The order asked the administrator of DHFL to present the offer of the erstwhile promoter before the CoC within days and had scheduled the next hearing for May 31.


The lenders were mulling their options since the order came in last week. Appealing against the order in the appellate tribunal was one of the options they were exploring. This is because the CoC had already voted in favour of a resolution plan.


Bankers were apprehensive of considering the settlement offer of the promoter because the account was already declared as “fraud” by them.


According to the lenders, they had considered the proposal of the erstwhile promoter, but rejected it based on their commercial wisdom. Wadhawan is still languishing in jail on money laundering charges.


In its written order, the tribunal said, “...the adjudicating authority is of the considered view that the second proposal deserves to be examined on merits and put for deciding, voting of the members of CoC. If the same is commercially found not favourable with the CoC members, then the proposal can be rejected.”


In the order, the tribunal said the settlement proposal of Wadhawan at Rs 91,158 crore is much higher than the offer of the next highest bidder, Piramal Group, which offered Rs 37,250 crore. “Since this settlement proposal is substantially higher / more than one-and-a-half-times the value of the highest bidder, the same needs due consideration/reconsideration by the administrator or CoC,” the order said.

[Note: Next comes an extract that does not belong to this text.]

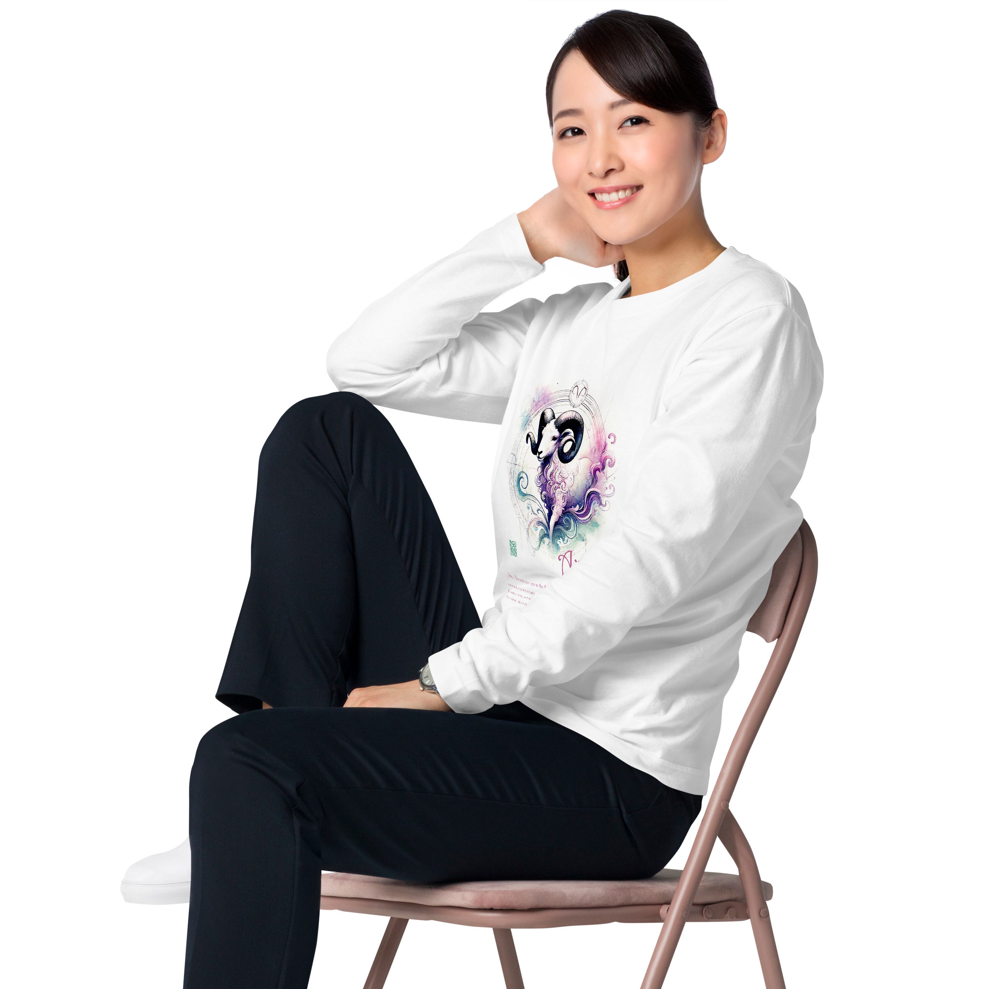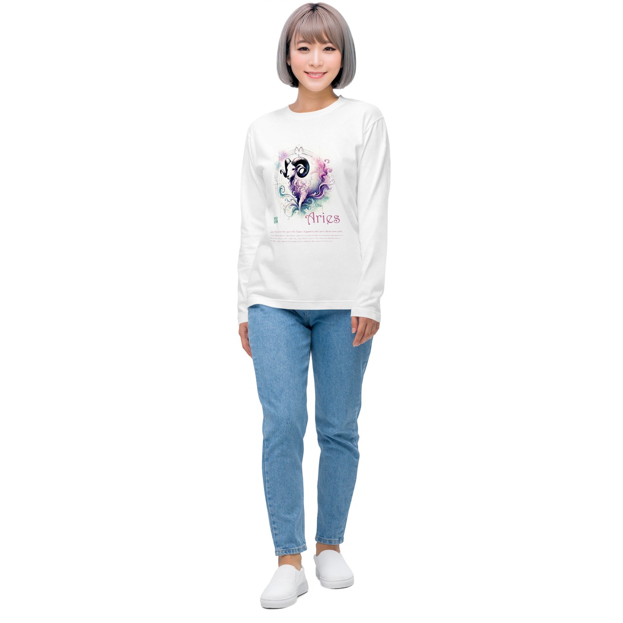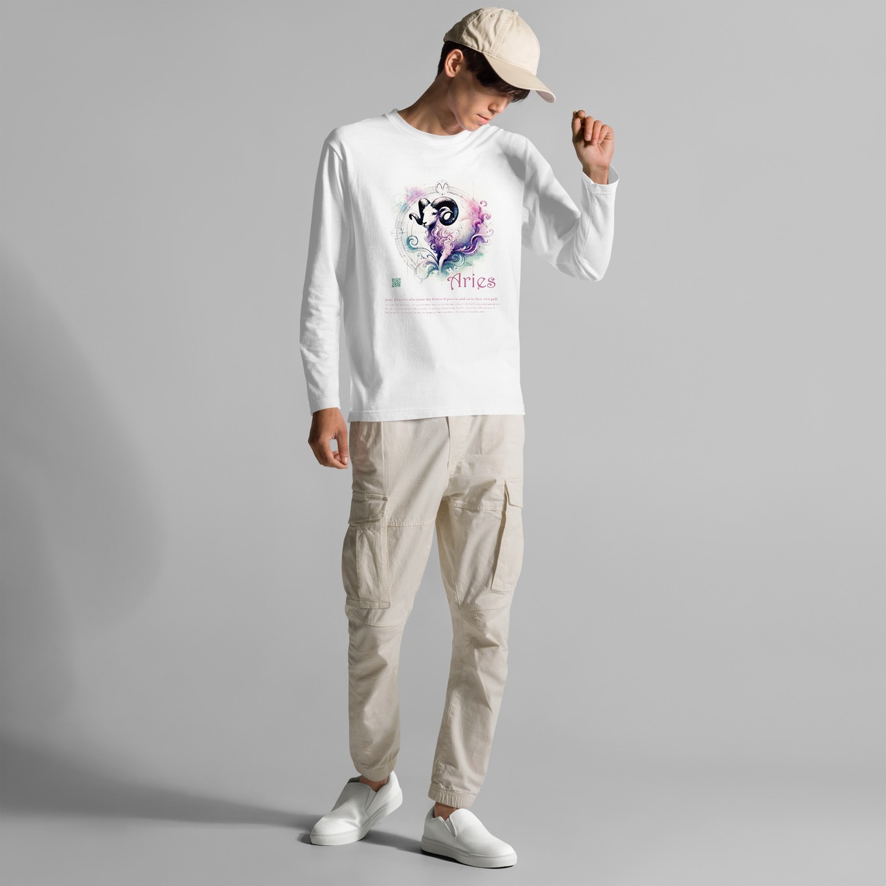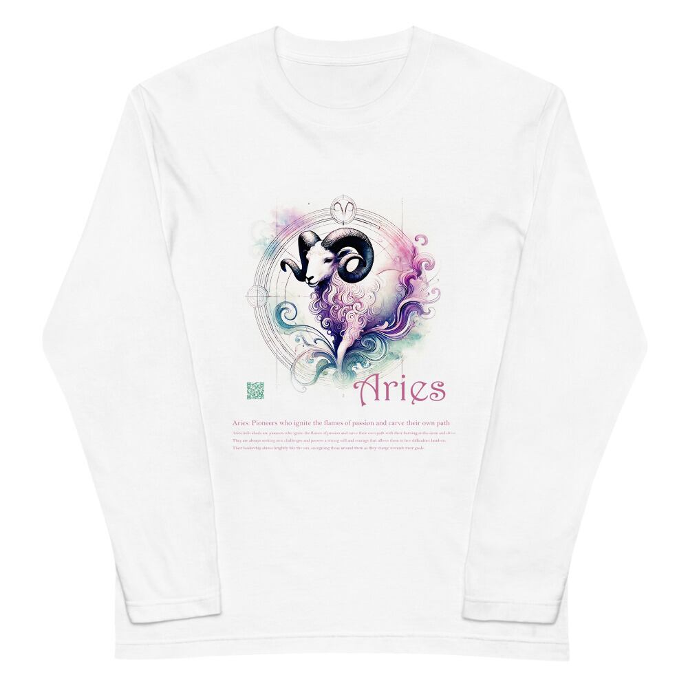 このTシャツのデザインは、情熱と冒険心に満ちた牡羊座のエネルギーをビジュアル化した特別な一枚です。雄羊の力強さと勇敢さを象徴するこのデザインは、牡羊座の積極的で決断力のある性質を完璧に表現しています。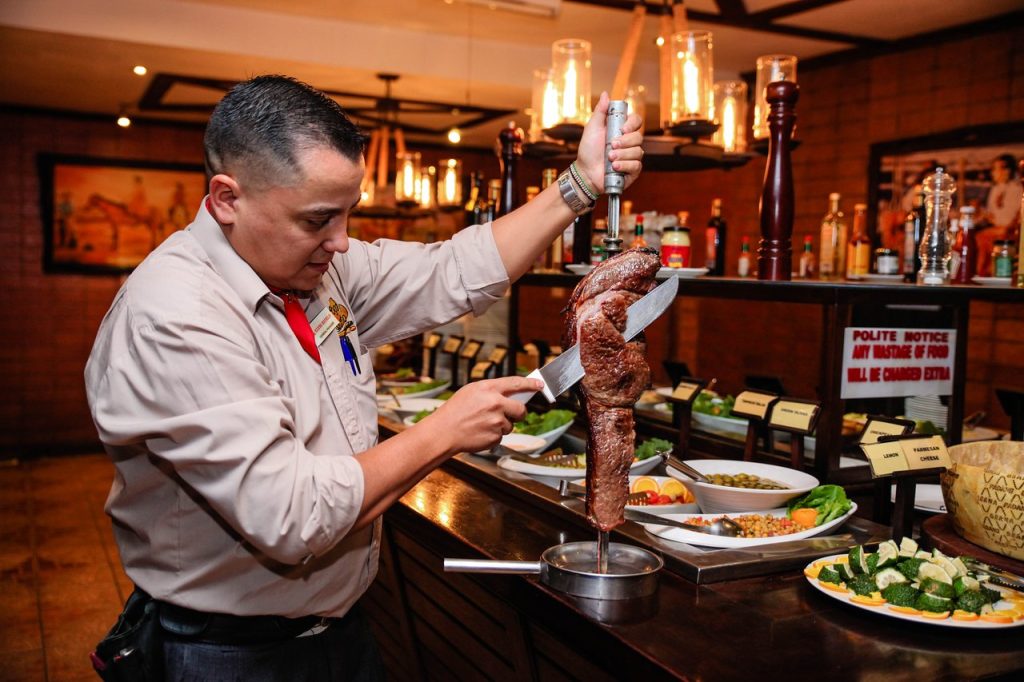 Fogo Gaucho is one of Nairobi’s most iconic Brazilian steakhouse experiences. Located in the heart of Westlands, this all-you-can-eat restaurant is renowned for its endless servings of meat, served straight from skewers by “passadors” (meat servers) directly at your table. It’s a meat lover’s paradise, offering over 15 cuts of beef, chicken, lamb, and pork, each grilled to perfection and seasoned with Brazilian flair.

The tribunal also observed that with the settlement proposal, thousands of small investors and fixed deposit holders would be paid fully, thereby thousands of small investors would get 100 per cent of their principal sum outstanding.


DHFL became the first financial services company to be referred to the NCLT by the RBI in November 2019 after it defaulted on its payments and lenders failed to find a resolution under the June 7 circular of the RBI. Creditors of DHFL have claimed dues to the tune of Rs 87,000 crore. The liquidity crisis, after the collapse of IL&FS in 2018, led to DHFL’s downfall. Prior to that, it was one of the largest mortgage lenders in the country.